(Items from a dataset)
────
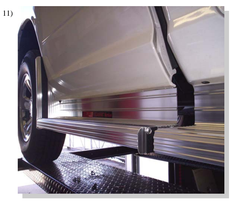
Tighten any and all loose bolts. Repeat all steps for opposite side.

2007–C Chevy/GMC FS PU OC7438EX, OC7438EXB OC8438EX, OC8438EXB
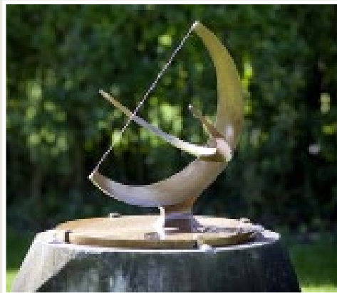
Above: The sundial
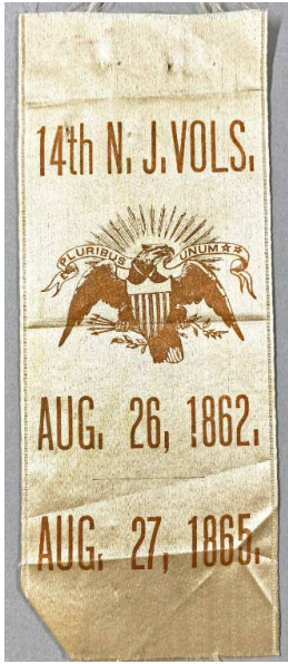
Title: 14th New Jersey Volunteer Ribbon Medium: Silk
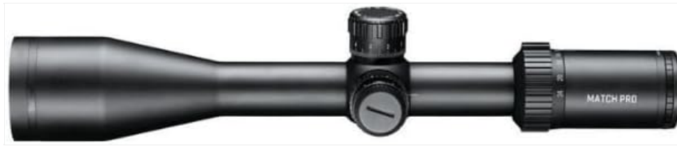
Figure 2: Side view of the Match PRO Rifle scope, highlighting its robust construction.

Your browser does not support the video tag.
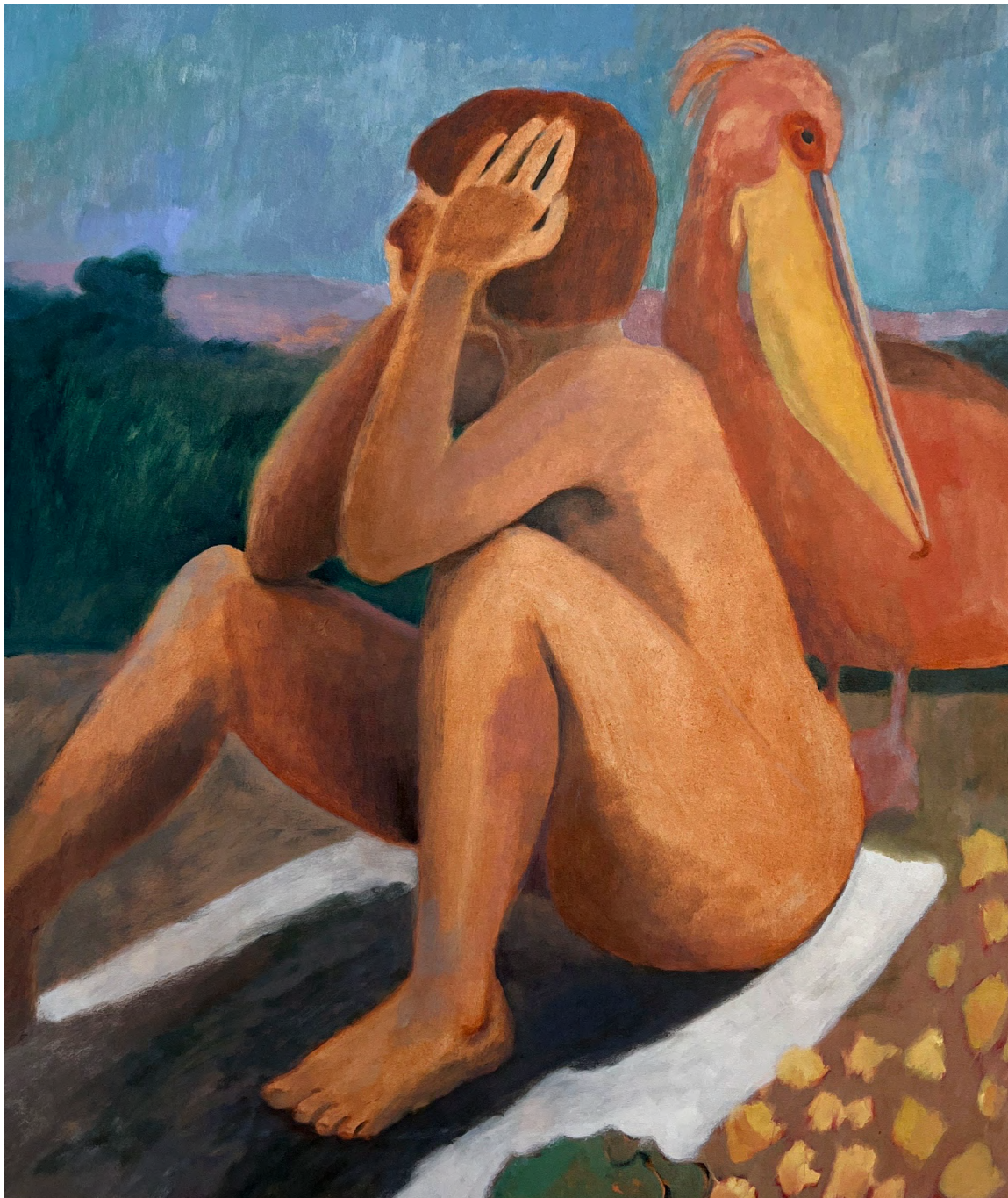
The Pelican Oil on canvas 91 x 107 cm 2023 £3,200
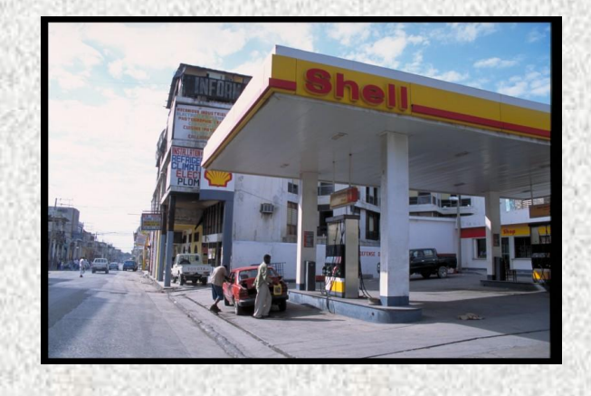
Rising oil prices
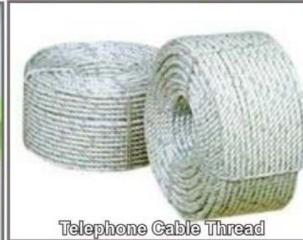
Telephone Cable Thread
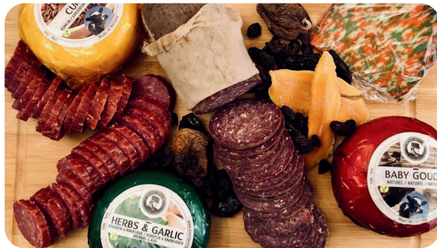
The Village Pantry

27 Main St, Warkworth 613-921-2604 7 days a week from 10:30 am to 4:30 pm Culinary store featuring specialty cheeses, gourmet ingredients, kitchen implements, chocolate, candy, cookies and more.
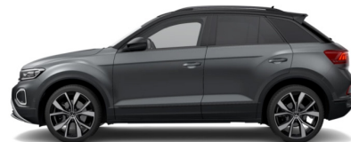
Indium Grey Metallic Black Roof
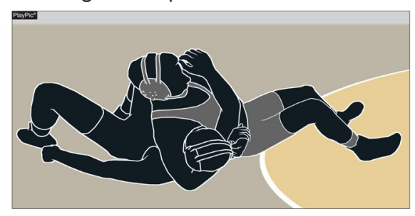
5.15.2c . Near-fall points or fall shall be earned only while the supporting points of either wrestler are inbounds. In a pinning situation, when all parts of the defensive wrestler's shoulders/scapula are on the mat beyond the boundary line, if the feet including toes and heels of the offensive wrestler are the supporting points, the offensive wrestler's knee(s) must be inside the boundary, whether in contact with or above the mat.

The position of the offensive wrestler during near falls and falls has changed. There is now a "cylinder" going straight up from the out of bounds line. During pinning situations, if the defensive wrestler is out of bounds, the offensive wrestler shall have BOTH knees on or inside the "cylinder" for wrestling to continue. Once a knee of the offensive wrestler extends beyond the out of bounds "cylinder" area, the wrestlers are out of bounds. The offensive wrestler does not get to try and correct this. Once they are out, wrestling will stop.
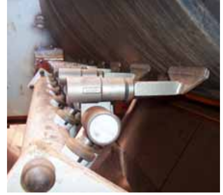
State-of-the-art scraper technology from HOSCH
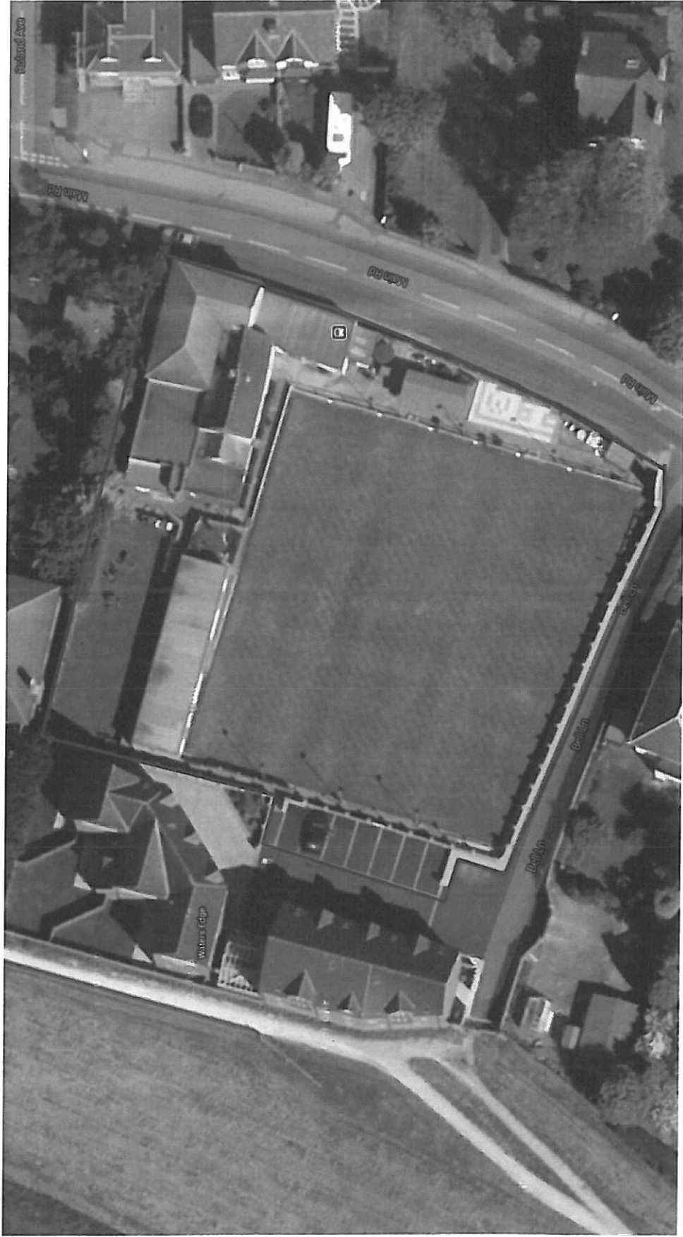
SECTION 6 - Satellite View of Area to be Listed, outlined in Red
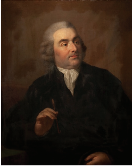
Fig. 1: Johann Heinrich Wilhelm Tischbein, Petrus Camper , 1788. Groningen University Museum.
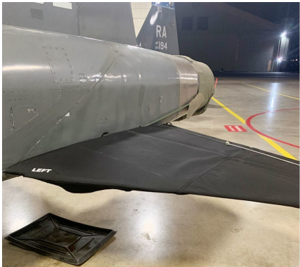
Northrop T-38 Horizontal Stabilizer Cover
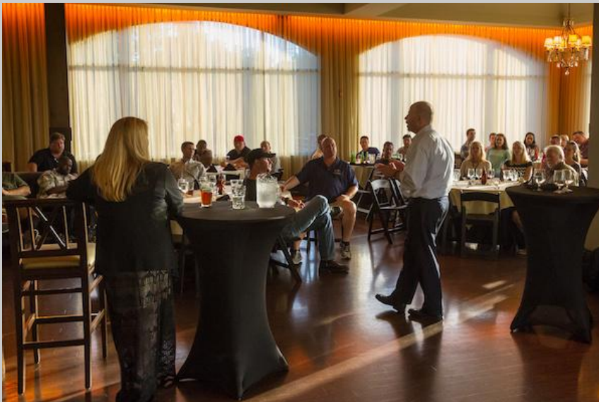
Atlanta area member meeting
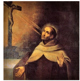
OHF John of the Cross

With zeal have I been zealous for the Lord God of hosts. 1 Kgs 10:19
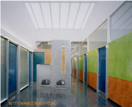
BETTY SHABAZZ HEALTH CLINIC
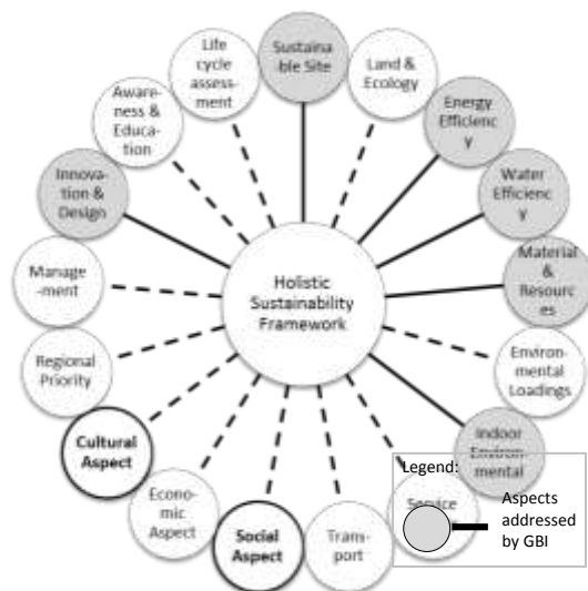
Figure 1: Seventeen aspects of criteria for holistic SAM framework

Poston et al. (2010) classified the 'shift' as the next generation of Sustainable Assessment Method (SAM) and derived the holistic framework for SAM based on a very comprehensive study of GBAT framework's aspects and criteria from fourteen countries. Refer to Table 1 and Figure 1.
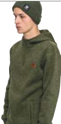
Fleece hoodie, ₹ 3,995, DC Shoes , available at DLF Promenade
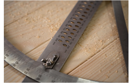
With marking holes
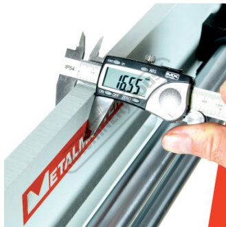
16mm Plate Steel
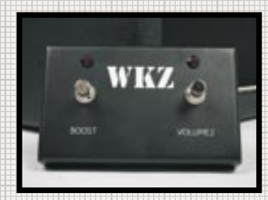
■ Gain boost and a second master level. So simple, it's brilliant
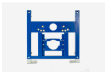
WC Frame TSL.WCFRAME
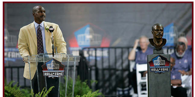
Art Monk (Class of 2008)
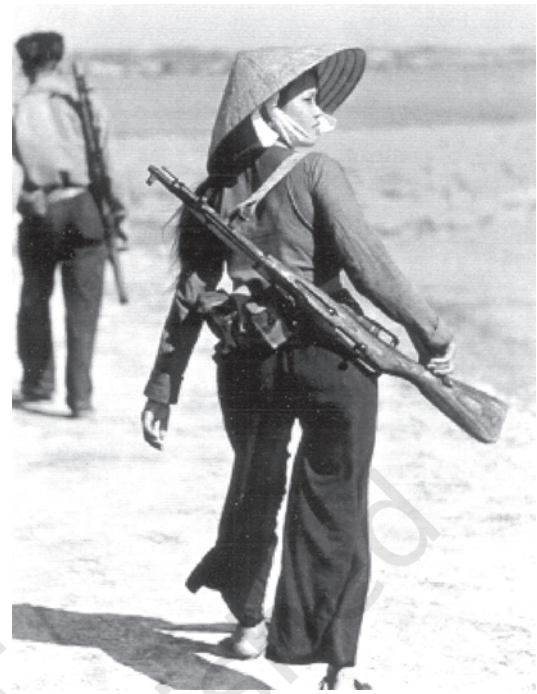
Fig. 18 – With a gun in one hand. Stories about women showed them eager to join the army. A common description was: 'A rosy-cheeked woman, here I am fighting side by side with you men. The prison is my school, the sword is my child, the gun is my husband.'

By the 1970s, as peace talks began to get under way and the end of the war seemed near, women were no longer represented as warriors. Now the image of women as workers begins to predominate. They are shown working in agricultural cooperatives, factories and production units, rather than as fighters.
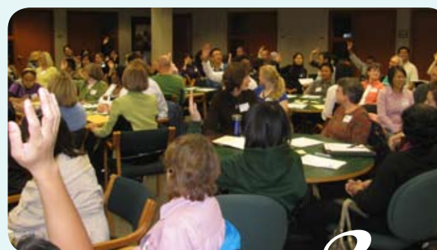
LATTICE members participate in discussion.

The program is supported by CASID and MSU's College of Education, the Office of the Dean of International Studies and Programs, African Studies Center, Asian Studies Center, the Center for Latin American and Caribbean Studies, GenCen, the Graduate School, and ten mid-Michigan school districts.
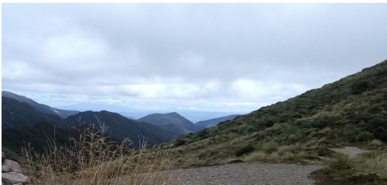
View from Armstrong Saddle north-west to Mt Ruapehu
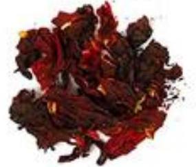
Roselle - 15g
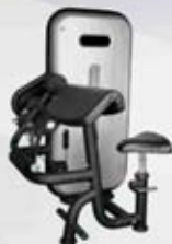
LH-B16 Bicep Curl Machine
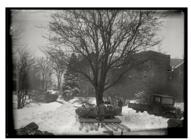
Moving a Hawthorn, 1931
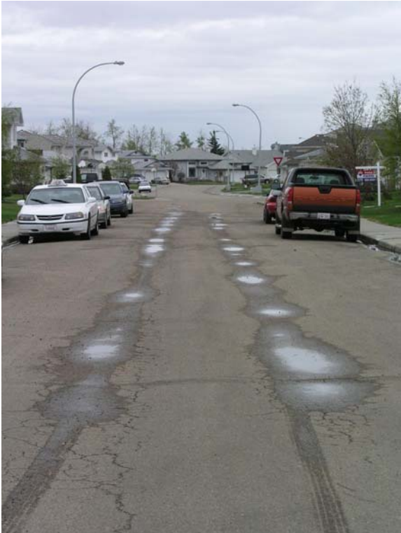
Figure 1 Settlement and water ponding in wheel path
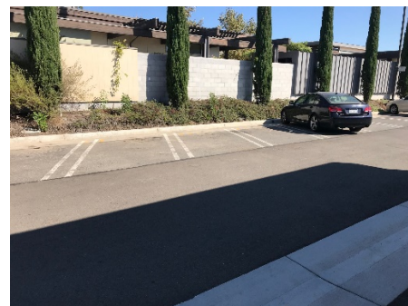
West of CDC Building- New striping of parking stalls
────
Where the line containing "Moving a Hawthorn, 1931" appears in the data above, begin there and output every line through the last, exactly and without pictures.

• [EXERCISE RESULT]
Moving a Hawthorn, 1931
Figure 1 Settlement and water ponding in wheel path
West of CDC Building- New striping of parking stalls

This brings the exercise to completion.